What is required:
Consider the entries below. Count the lines holding the string "using" and state the number only.

Supplied records:
Content starts

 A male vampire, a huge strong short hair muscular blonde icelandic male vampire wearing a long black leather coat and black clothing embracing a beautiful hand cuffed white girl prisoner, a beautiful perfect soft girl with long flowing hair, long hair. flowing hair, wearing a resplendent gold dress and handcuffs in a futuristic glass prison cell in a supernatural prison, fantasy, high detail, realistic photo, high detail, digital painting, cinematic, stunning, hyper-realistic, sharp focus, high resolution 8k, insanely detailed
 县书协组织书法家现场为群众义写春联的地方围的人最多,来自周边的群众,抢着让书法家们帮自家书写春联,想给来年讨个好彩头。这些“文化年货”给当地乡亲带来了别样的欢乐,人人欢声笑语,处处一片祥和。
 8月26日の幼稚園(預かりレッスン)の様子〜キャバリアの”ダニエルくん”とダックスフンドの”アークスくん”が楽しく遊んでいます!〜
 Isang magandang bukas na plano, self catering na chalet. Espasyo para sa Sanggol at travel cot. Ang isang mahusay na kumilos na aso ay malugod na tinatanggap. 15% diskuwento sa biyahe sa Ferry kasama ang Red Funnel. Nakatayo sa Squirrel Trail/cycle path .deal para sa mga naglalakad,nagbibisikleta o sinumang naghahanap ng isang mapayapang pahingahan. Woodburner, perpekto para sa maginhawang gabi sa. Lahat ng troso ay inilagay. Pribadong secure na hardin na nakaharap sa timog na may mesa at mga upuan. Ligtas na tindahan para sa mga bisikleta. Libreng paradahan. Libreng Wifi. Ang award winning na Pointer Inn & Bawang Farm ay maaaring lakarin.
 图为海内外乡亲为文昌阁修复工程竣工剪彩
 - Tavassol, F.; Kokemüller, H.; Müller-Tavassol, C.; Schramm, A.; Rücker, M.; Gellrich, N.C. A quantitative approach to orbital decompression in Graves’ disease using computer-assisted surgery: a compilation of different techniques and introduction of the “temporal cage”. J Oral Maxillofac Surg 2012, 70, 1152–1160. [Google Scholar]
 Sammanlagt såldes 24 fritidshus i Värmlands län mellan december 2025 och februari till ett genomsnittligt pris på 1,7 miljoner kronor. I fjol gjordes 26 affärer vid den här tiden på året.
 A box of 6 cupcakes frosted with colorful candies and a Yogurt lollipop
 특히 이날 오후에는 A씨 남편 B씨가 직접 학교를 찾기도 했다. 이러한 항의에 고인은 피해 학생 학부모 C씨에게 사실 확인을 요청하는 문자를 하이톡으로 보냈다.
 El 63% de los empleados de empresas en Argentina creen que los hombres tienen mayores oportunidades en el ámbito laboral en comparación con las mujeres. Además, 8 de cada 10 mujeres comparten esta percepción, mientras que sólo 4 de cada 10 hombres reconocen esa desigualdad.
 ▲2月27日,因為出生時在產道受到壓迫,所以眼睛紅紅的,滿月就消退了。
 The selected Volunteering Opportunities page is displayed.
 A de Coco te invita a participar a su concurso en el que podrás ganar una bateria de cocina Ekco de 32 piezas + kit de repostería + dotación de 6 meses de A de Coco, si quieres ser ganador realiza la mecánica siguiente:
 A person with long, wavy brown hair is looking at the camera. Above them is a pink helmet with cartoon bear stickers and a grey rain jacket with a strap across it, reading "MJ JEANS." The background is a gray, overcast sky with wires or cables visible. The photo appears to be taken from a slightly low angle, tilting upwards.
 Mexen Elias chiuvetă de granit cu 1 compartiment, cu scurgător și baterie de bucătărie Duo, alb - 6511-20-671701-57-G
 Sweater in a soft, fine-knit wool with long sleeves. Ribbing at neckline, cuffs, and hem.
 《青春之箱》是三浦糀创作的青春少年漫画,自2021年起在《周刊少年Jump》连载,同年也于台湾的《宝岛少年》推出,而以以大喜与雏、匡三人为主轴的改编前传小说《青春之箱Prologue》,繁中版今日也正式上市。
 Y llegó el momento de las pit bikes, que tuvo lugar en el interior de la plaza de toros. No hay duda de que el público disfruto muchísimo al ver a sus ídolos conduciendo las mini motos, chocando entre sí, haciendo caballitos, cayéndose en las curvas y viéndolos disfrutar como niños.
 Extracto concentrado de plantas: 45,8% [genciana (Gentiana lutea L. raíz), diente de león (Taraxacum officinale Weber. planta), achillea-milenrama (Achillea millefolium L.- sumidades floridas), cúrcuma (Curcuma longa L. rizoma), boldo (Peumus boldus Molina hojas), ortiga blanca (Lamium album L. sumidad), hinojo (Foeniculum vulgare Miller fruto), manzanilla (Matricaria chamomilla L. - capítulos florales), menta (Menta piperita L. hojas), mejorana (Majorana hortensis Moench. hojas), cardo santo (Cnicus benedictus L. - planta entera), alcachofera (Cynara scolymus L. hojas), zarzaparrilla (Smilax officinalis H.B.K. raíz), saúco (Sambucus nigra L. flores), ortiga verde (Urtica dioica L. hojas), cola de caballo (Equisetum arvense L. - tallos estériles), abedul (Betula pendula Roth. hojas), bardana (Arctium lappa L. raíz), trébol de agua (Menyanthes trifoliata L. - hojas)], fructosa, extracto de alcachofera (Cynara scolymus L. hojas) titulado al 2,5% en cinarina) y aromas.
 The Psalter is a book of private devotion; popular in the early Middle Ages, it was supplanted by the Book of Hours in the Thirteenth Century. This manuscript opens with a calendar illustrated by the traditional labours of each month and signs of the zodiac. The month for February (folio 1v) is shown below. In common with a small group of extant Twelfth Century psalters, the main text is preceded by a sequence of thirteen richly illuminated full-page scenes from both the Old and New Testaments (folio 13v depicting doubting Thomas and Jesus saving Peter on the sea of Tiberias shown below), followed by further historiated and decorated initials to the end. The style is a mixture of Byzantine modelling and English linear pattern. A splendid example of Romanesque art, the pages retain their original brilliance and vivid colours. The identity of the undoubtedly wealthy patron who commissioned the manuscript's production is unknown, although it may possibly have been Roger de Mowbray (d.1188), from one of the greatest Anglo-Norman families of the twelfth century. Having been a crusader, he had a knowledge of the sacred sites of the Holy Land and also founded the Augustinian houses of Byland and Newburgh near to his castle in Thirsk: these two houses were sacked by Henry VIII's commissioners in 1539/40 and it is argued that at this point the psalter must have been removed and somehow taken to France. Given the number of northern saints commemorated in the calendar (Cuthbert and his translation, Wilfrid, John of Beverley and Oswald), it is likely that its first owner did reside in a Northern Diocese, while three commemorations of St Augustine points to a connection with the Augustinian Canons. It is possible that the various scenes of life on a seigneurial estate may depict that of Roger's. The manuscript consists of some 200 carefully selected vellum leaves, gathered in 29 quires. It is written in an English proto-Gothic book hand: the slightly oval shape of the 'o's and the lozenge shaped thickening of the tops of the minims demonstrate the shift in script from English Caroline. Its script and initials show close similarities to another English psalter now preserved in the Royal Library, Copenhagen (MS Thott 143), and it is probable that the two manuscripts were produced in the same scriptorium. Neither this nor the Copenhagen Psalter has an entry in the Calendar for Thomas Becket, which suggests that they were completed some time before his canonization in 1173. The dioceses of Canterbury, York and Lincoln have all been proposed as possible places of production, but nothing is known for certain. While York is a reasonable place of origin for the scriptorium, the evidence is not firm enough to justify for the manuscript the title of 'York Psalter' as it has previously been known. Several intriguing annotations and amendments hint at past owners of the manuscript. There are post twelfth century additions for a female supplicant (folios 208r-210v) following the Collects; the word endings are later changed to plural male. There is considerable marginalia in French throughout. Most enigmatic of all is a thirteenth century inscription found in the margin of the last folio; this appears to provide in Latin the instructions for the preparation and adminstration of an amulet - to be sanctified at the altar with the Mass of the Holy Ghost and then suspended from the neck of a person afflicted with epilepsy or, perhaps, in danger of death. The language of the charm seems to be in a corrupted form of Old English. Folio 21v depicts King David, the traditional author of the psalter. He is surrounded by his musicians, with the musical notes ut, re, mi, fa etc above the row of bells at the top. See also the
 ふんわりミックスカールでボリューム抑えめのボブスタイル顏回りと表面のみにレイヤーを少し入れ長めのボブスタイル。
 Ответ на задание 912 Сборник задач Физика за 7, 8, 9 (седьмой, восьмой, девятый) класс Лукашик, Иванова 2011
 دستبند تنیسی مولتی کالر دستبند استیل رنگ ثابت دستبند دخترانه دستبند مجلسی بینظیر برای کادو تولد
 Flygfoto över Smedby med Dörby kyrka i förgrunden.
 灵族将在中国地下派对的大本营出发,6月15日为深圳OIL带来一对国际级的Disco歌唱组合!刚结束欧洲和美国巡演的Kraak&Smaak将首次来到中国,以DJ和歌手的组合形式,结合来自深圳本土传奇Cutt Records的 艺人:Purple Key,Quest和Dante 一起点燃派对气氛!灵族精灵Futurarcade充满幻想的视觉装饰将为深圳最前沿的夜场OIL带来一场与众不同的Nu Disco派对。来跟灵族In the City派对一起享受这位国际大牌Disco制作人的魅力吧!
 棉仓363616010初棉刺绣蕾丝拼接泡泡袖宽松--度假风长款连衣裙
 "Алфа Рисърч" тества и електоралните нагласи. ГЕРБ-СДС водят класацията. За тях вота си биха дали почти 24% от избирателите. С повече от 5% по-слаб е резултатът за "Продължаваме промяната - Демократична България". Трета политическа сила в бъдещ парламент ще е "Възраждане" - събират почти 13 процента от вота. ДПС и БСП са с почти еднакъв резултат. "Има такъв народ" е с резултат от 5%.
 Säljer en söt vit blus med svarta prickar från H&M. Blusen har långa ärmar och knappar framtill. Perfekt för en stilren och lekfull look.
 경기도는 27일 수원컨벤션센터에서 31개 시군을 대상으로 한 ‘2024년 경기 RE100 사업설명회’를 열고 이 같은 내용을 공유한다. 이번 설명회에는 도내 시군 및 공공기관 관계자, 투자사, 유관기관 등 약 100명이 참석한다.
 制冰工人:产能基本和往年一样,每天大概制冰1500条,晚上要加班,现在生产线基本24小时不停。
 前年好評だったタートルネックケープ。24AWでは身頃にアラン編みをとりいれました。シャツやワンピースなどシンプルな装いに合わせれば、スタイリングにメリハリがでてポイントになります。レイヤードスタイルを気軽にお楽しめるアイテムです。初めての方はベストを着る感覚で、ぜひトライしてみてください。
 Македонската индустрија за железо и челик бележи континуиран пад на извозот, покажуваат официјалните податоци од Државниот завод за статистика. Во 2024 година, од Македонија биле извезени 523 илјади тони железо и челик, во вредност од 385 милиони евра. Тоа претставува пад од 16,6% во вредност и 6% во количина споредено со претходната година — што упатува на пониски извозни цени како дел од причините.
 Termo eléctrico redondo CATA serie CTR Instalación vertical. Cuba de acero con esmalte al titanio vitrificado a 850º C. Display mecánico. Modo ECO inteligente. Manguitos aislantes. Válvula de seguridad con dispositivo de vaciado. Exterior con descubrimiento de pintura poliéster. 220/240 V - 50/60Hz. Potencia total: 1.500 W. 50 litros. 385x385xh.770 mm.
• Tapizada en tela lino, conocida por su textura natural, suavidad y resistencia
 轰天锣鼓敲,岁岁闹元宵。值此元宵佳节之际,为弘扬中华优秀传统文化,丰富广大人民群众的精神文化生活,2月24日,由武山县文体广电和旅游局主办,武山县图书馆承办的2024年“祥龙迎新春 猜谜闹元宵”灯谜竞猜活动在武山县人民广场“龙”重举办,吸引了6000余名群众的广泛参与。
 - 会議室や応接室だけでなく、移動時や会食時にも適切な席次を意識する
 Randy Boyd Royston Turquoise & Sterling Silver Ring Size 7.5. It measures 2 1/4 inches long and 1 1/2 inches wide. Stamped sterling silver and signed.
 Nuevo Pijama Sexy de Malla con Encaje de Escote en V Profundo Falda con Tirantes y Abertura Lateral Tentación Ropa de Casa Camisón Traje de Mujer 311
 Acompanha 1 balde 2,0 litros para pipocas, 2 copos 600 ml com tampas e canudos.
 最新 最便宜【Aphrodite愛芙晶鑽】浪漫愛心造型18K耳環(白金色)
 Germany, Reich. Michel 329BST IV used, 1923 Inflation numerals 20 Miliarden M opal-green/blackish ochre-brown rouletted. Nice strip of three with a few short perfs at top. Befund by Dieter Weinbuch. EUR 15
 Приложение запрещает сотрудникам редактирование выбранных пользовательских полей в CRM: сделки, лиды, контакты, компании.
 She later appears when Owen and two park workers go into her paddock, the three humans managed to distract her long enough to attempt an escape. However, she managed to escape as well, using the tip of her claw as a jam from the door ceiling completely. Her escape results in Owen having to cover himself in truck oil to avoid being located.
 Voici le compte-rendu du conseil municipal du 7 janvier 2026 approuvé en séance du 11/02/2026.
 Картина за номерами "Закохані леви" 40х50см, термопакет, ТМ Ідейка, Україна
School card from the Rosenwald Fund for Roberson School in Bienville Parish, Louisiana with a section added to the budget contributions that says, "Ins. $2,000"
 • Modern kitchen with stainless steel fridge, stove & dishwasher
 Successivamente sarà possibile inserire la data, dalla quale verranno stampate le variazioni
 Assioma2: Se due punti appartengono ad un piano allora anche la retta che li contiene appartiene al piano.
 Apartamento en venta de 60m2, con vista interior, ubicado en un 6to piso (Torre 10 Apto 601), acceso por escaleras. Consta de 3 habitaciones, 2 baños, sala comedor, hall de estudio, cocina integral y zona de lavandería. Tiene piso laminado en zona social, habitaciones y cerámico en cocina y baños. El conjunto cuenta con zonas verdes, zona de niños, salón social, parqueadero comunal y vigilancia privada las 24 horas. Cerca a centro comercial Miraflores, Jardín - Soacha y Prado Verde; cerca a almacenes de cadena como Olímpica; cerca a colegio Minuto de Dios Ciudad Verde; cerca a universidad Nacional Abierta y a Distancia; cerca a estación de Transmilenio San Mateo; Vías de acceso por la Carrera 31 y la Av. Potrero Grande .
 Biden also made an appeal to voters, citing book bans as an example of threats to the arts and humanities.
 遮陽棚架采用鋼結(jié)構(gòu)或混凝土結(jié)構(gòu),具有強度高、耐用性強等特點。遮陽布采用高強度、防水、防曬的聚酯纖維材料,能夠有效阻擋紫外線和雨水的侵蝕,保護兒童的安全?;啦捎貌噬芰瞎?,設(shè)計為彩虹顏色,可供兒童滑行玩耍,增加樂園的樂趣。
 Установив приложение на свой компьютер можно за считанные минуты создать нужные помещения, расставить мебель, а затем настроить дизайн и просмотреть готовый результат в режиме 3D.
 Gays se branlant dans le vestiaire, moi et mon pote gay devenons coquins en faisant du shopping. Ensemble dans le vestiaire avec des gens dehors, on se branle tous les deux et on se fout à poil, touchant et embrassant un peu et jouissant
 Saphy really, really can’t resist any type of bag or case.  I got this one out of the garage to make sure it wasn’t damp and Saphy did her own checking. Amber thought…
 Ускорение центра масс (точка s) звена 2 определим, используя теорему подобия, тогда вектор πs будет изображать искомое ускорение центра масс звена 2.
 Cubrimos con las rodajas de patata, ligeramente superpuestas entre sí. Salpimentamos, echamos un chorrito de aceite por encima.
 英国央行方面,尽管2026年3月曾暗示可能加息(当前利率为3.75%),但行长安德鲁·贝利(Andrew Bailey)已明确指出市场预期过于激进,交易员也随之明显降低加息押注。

Content ends

Response area:
2